---- Provided records

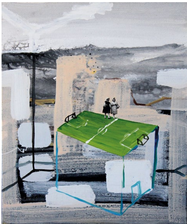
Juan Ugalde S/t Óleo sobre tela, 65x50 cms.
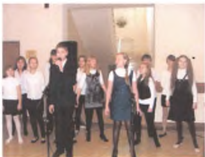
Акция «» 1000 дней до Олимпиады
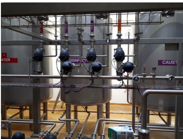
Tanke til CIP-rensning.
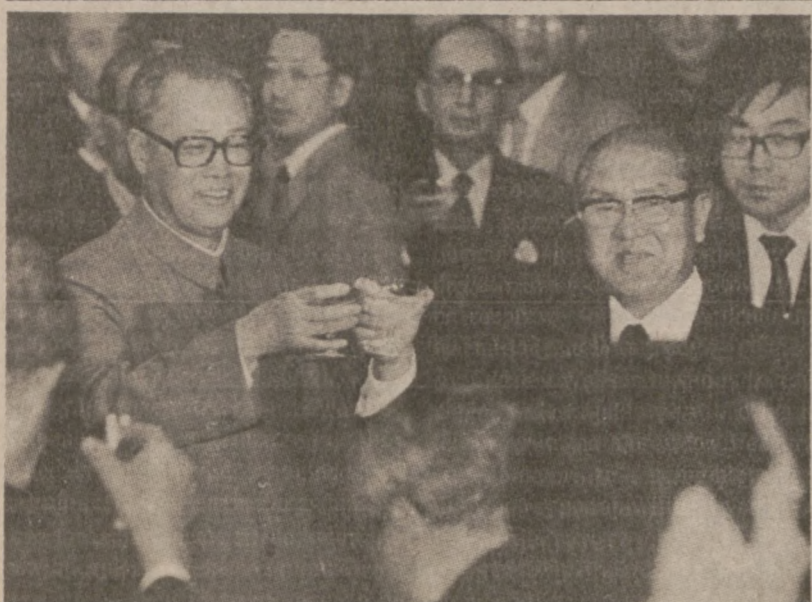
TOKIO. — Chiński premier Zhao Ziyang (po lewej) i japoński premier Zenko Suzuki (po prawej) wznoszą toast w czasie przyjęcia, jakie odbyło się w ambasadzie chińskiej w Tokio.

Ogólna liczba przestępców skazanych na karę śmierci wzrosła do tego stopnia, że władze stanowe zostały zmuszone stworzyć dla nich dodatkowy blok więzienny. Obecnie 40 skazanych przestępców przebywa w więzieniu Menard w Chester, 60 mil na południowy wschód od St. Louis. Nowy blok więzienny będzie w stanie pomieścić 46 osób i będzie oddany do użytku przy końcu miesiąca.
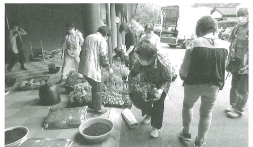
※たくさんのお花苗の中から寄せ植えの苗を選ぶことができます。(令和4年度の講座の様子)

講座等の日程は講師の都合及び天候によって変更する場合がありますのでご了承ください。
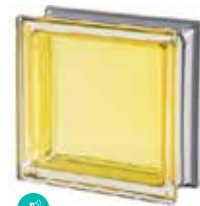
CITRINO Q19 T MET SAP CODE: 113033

--------

Write out every line above exactly as it is, leaving out the pictures.

**Result below**
Juan Ugalde S/t Óleo sobre tela, 65x50 cms.
Акция «» 1000 дней до Олимпиады
Tanke til CIP-rensning.
TOKIO. — Chiński premier Zhao Ziyang (po lewej) i japoński premier Zenko Suzuki (po prawej) wznoszą toast w czasie przyjęcia, jakie odbyło się w ambasadzie chińskiej w Tokio.

Ogólna liczba przestępców skazanych na karę śmierci wzrosła do tego stopnia, że władze stanowe zostały zmuszone stworzyć dla nich dodatkowy blok więzienny. Obecnie 40 skazanych przestępców przebywa w więzieniu Menard w Chester, 60 mil na południowy wschód od St. Louis. Nowy blok więzienny będzie w stanie pomieścić 46 osób i będzie oddany do użytku przy końcu miesiąca.
※たくさんのお花苗の中から寄せ植えの苗を選ぶことができます。(令和4年度の講座の様子)

講座等の日程は講師の都合及び天候によって変更する場合がありますのでご了承ください。
CITRINO Q19 T MET SAP CODE: 113033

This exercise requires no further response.